I received an email yesterday telling me that I won a random drawing at Abbey of the Arts. I was one of 430 people who submitted my "word for the year" (see below) and Christine (the Abbess) notified me that I won my choice of one of three of her online courses. I am thrilled and, in light of my word for the year, have chosen this course:
You can see the info on the courses and other prizes at this link.
My word for the year was WINDOW, for several reasons.
* I am newly in an office with glorious windows, and it's improved my outlook and productivity amazingly. After 2 years away from natural light, I feel like I'm being nourished all day long.
* After a tough year with Ken's illness, I am trying to see where I am going. I am looking through windows I have not encountered before, and seeing things I didn't plan on. Many of the windows are still opaque; I don't know what is behind them.

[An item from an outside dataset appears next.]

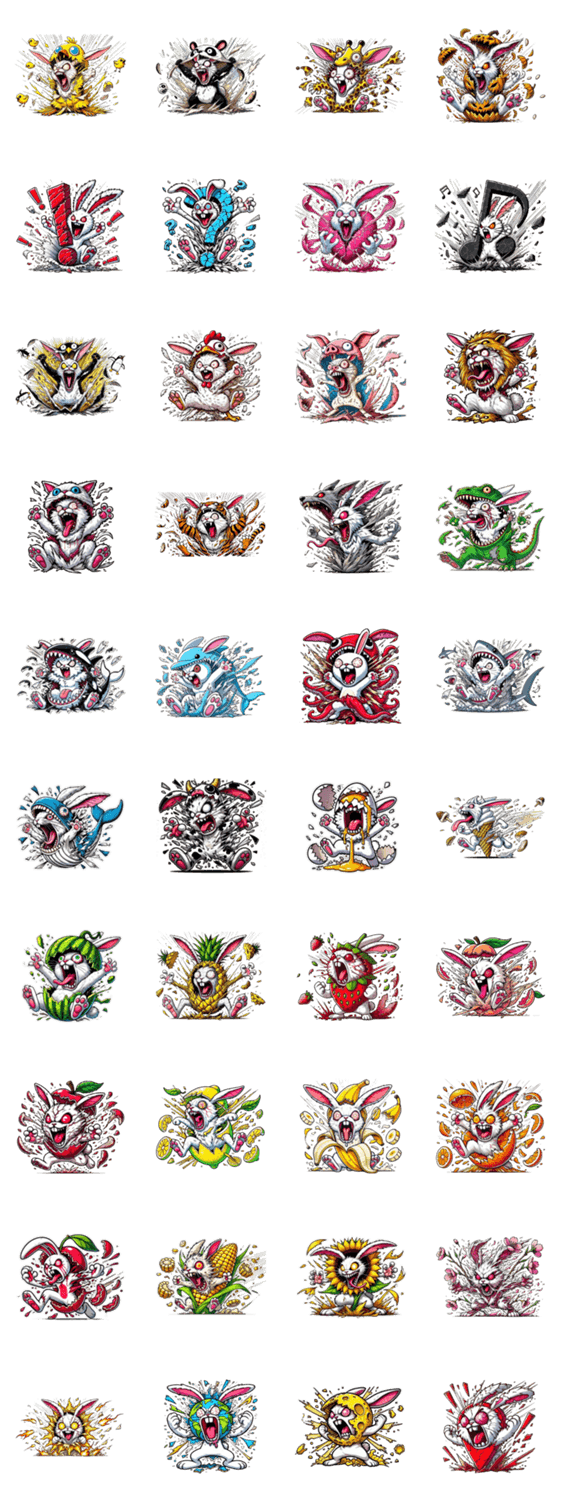 スタンプ説明 「可愛い」を破壊する、うさぎ破壊神の登場!

* The windows in my home are very challenging to clean. They are old and fragile and mostly painted shut (boo) due to the speed with which we painted to make the house habitable when we moved in. In Texas, we mostly don't have "open window days," but there are some...and I want to get those windows unstuck and be able to open them.
* The windows in the house also have storm windows on them (which is good, because they are in no way an effective barrier to the elements on their own), but getting those storm windows down to clean them is a heck of a job.

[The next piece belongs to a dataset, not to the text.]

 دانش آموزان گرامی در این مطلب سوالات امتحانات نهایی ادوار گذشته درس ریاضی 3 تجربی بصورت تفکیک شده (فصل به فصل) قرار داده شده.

* Thinking about cleaning windows reminded me of what the young Felix says to the young Katherine in Madeleine L'Engle's The Small Rain, explaining his description of himself as a "window cleaner:"
"We're all shut up in rooms. Everybody. And nobody can ever get in to anybody else's room. That's because we've got bodies. And the only way we can have contact with people is through the windows in our rooms. . . And some people have more windows than others. And everybody's windows get dirty. So there need to be window cleaners."
(Felix goes on to become a bishop, by the way. At this point in the narrative, that would have been laughable to all concerned. So, you see, we never know.)
* I want to clean my own windows. In some way in this world, perhaps I can help others clean their windows. I don't expect it to be easy. But I expect it to be important. Thank you, Christine!